1 cup for weight gain of whole or milled or ground flax usually does the trick. You can feed up to 8 oz by weight of milled or ground flax, which usually equals about 1.5-2 cups dry measure.

HorseTech.com has a good producted called NutraFlax. It's balanced Ca ratio and won't spoil. It comes with a 2 oz (1/2 cup) measuring scoop.


----------



## Enuff (Jun 16, 2009)

Thanks!!!


----------



## White Foot (Jun 4, 2009)

Make sure you feed the right balance, high volumes of flax oil can cause diarrhea and colic signs in horses. It also contains cyanide.


----------



## luvs2ride1979 (Nov 9, 2007)

The Flax grown in North America does not contain cyanide. You do not have to grind it, soak it, or boil it. For a horse to colic on flax, you'd have to feed 3 lbs a day or more. 8 oz is a very safe amount for any horse.


----------



## White Foot (Jun 4, 2009)

All flax, just like apples, corn, alfalfa, cashews extra.. contain cyanide. No matter where it was grown.


----------



## luvs2ride1979 (Nov 9, 2007)

Flax Seed

"the two components of cyanide that are found in flax are stored in different parts of the seed, never touching each other, and therefore never able to create cyanide."

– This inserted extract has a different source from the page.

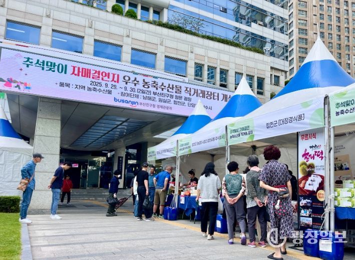 광장일보 주재영 기자 | 부산진구청이 주최하는 ‘추석맞이 농축수산물 직거래장터’가 9월 29일부터 9월 30일까지 부산진구 정문광장에서 열리고 있다.

"(Note that saliva, stomach acid, and other digestive juices break the two components up before they could ever become joined and create cyanide within the horse's digestive tract.)"

"Thankfully, the amount of cyanide created when boiling flax is very small...in fact, we take in more cyanide in our daily lives through our food, water, and the air we breathe than is found in a cup of boiled flax. Cyanide is also very quickly removed from the body and is not stored in the body tissues"

-----------------

In looking at the human research on Flax, most sources agree that between 30-75 grams daily (1-2.6 oz) is safe for a human to consume. Horses are 5-10 times our size, so 4-8 oz should be just fine. ;-)


----------



## luvs2ride1979 (Nov 9, 2007)

Ask the Vet
Ask the Vet Blog - Journal Entries - Is Flax Seed Safe to Use inHorses?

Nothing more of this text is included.